Note: this implementation may need 24 GB of RAM to run, because we keep a lot of data in memory, and sort it at the very end when writing. By splitting the process into a third (sorting) phase, memory usage could be reduced. But given the size of the Lucene index (15 GB), extra memory will also improve runtimes a lot.

Dependencies

While the use of external libraries yields to a mess in many projects ("jar hell"), we rely a few of them in this project:

• Apache Commons Lang3, despire the performance issues, for parsing HTML entities (but we wrote our own, much faster, matcher)

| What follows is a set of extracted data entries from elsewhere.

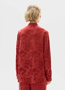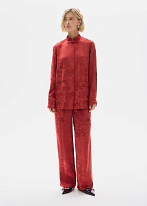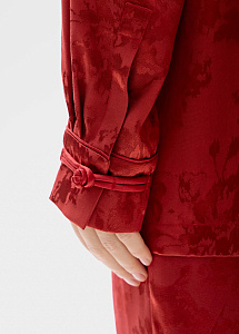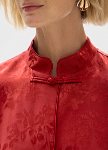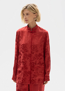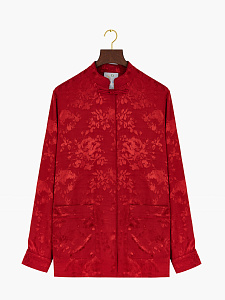 Жаккардовая блуза свободного кроя в насыщенном красном оттенке с восточным силуэтом и изысканным узором «розы». Лаконичный фасон с воротником-стойкой, манжетами и плетёными пуговицами ручной работы. Рекомендуем сочетать с брюками в тон из нашей коллекции.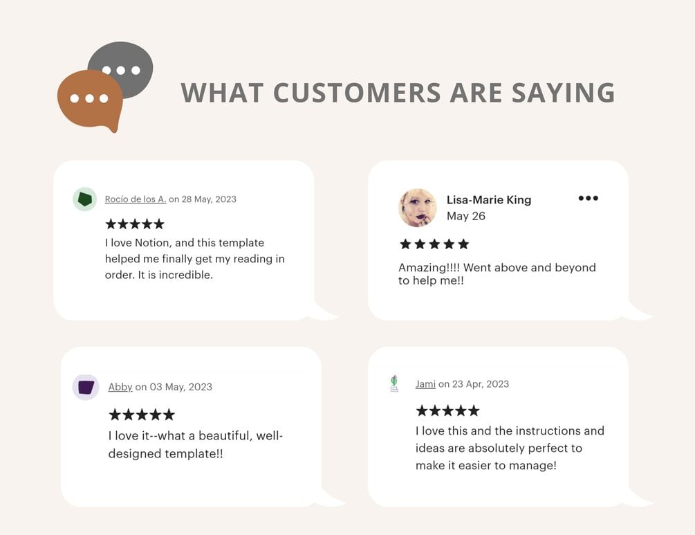 💬 “I love Notion, and this template helped me finally get my reading in order. It is incredible.” – Rocío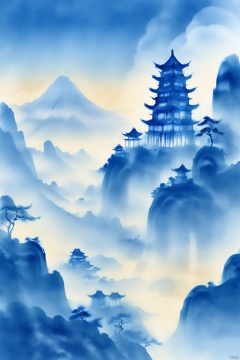 Tie dyeing style, Tie dyeing, outdoors, sky, cloud, tree, no humans, building, scenery, blue theme, mountain, architecture, east asian architecture, fog, Blue tie dyeing
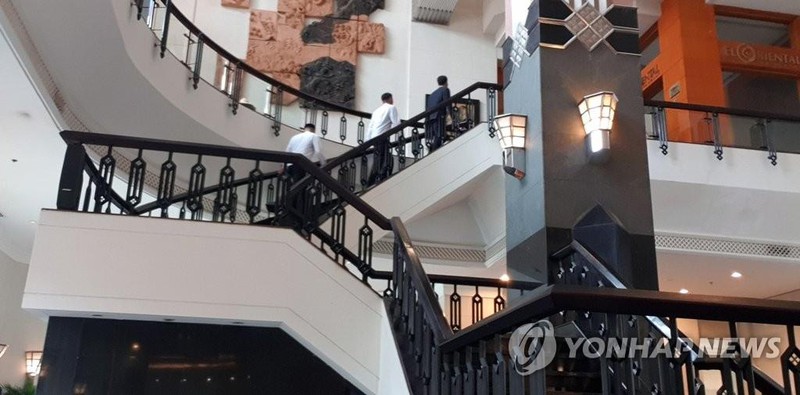 Mật vụ Triều Tiên kiểm tra bên trong khách sạn Melia trước thềm thượng đỉnh Mỹ - Triều lần 2. Nguồn: Yonhap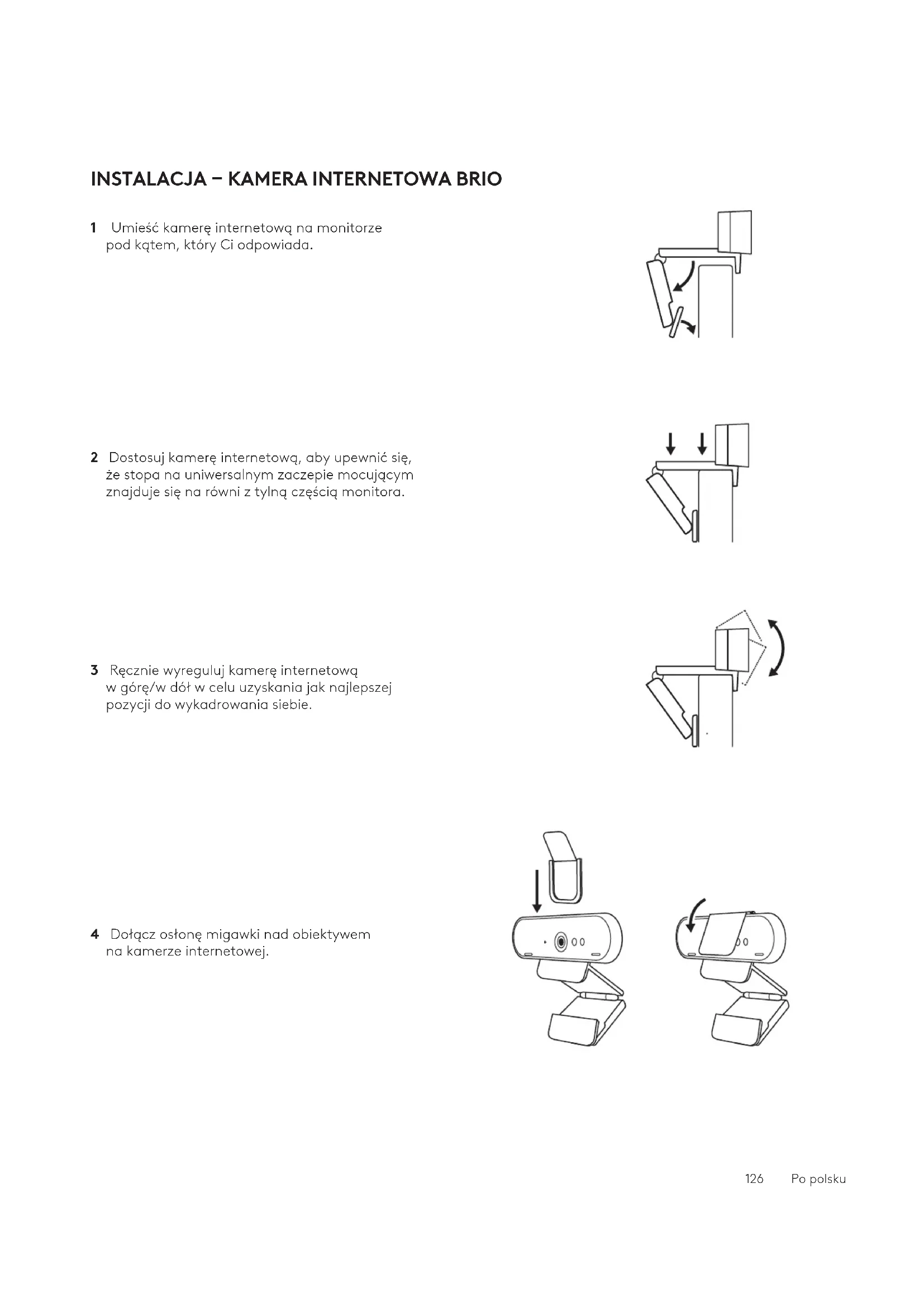 125 Po polskuINSTALACJA – KAMERA INTERNETOWA BRIO 1 Umieść kamerę internetową na monitorze podkątem, który Ci odpowiada. 2 Dostosuj kamerę internetową, aby upewnić się, że stopa na uniwersalnym zaczepie mocującym znajduje się na równi z tylną częścią monitora. 3 Ręcznie wyreguluj kamerę internetową wgórę/wdół w celu uzyskania jak najlepszej pozycji do wykadrowania siebie. 4 Dołącz osłonę migawki nad obiektywem nakamerze internetowej. 126Po polskuINSTALACJA – ZESTAW DO PORZĄDKOWANIA KABLA USB-C 1 Wyczyść powierzchnię. Zerwij taśmę. 2 Dociśnij pętelkę do stołu przez kilka sekund. 127Po polskuINSTALACJA – OPCJE UCHWYTU DO MONTAŻU Opcja 1 Zamontuj Logi Dock do stołu zapomocą 2 dołączonych śrub. Opcja 2 Zamontuj Logi Dock do stołu zapomocą taśmy VHB, przyklejając ją do spodu uchwytu. Opcja 3 Zabezpiecz Logi Dock do stołu zapomocą blokady Kensington.* *Blokada nie jest dołączona dozestawu 128Po polskuINSTALACJA – ZARZĄDZANIE OKABLOWANIEM 1 Usuń zacisk za pomocą dołączonego kluczaimbusowego. Następnie podnieś górne iśrodkowe gniazdo. 2 Zainstaluj wszystkie kable w górnym lub dolnym gnieździe, w zależności odrozmieszczenia złączy. 3 Ponownie przymocuj zacisk. Dokręć śruby, aby zabezpieczyć kable. 129Po polskuWERSJA UC 1× 1×2 s 2 s

• Apache Commons Compress, for BZip2 decompression

• Lucene 5, for full text indexing

• Fastutil, which offers high-performance collections for primitive types (and helps keeping memory usage in control).

License

This project is AGPL-3 licensed. This will likely make your commercial lawyers unhappy. You should never need to incorporate this source code into a commercial product, but if you need we can talk about this. Note that GNU Trove is LGPL licensed.

Copyleft is a viable way for collaborative software development. The best proof is called Linux. Companies trying to persuade you to choose Apache and BSD licenses often just want to be able to incorporate all your work and not give back ever; this defeats the purpose for anything but low-level libraries.

This is "tit for that"-ware. Because I make my code available, you should also make your improvements available.